Casper, Babar, Evil Bunny... Tous ces logiciels espions sont les membres d'une même famille. C'était déjà la thèse de plusieurs chercheurs en informatique, et c'est aussi la conviction de la grande entreprise de sécurité russe Kaspersky, qui publie, vendredi 6 mars, une note à ce sujet.
Kaspersky affirme surveiller « depuis plusieurs années » un groupe de développeurs de programmes espions que l'entreprise a baptisés « Animal Farm », la Ferme des animaux. L'entreprise confirme que la Ferme a donné naissance à Bunny, Babar et Casper. Et révèle l'existence de nouveaux programmes espions : Dino, Tafacalou et NBot. Certains étaient connus dans le cercle restreint des experts en sécurité informatique.
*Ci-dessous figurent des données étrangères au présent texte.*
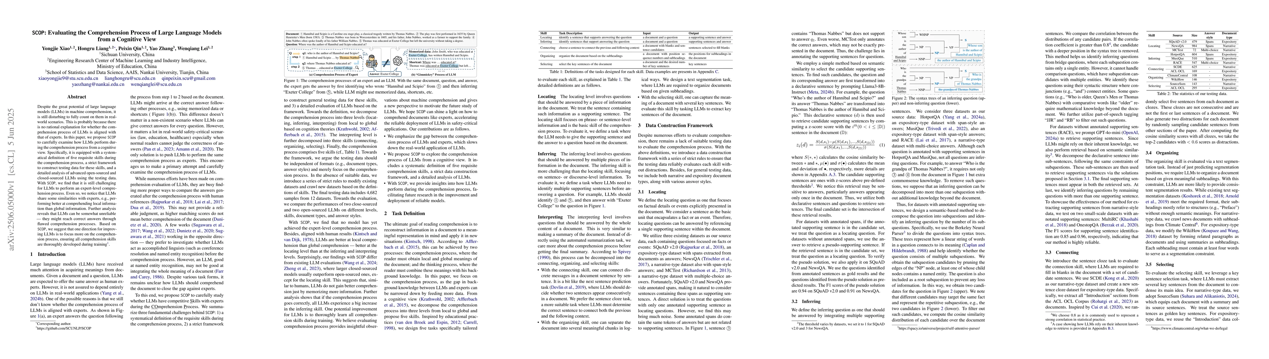The paper proposes SCOP, a system for examining the comprehension process of LLMs by defining five requisite skills, creating a testing data framework, and analyzing advanced LLMs using this data.
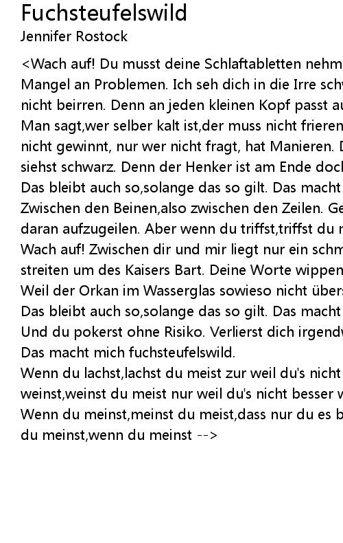 | Wach auf! Zwischen dir und mir liegt nur ein schmaler Grat. Wir diskutieren und streiten um des Kaisers Bart. Deine Worte wippen wie im Walzer immer auf und ab. Weil der Orkan im Wasserglas sowieso nicht überschwappt. | |

Le programme nommé Tafacalou, qui pourrait être une traduction de « ça va chauffer » ou « pour réchauffer » en occitan, est un logiciel de reconnaissance destiné à repérer des cibles. Ce fonctionnement est similaire à celui de Casper, qui semble cependant être plus récent. Si les attaquants estiment qu'un ordinateur infecté par Tafacalou est intéressant, ils y injectent Dino ou Babar.
L'entreprise ne s'étend pas sur les capacités précises de ces nouveaux logiciels. Elle souligne cependant que Dino est une « plateforme d'espionnage complète », qui reste moins sophistiquée que Babar.
Impossible de dire avec certitude qui se cache derrière la Ferme des animaux. Comme à son habitude, Kaspersky se refuse à toute attribution, un exercice particulièrement délicat en sécurité informatique.
Cependant, pour Costin Raiu, de Kaspersky, l'implication d'un Etat dans la Ferme des animaux ne fait « aucun doute » :
« Des choses aussi complexes que Dino et Babar ne peuvent pas être réalisées par des cybercriminels, d'autant qu'il n'y a pas de profit financier. De fait, cela ne peut être qu'un Etat. »
Des cibles humanitaires
Kaspersky ne mentionne aucune cible précise, mais évoque des victimes au sein d'organisations gouvernementales, de sous-traitants militaires, mais aussi d'organisations humanitaires, d'activistes ou de médias.
Le programme Tafacalou, qui effectue des repérages sur les ordinateurs qu'il infecte afin de déterminer s'ils doivent être surveillés de plus près, donne de bons indices sur les priorités des pirates, explique Kaspersky. La plupart des ordinateurs infectés par Tafacalou se situent en Syrie, en Iran et en Malaisie. Le nombre de machines infectées repérées par l'entreprise russe – quelques dizaines – confirme que les programmes de la Ferme des animaux ne sont pas destinés à de l'interception massive, mais à des opérations ciblées.
Paul Rascagnères, expert en sécurité dans l'entreprise allemande G-DATA, qui a pu consulter la note de Kaspersky, estime que ces éléments confirment ce qu'il a pu observer. « Nous savons que Babar a été utilisé en Iran courant 2013 », explique-t-il.
« Le mode opératoire consistant à utiliser un premier logiciel malveillant de reconnaissance puis dans un second temps un plus complexe est classique dans le cas d'attaque ciblée. »
Selon Kaspersky, la Ferme des animaux est active depuis au moins 2009, mais l'entreprise dit avoir retrouvé des traces d'activité remontant à 2007. Les chercheurs russes ont également détecté un logiciel espion encore inconnu, à l'œuvre au Burkina Faso, sans préciser la date du repérage.
En 2014, Le Monde révélait sur la base de documents fournis par Edward Snowden que les services de renseignement canadiens soupçonnaient les services de renseignement français d'avoir développé Babar.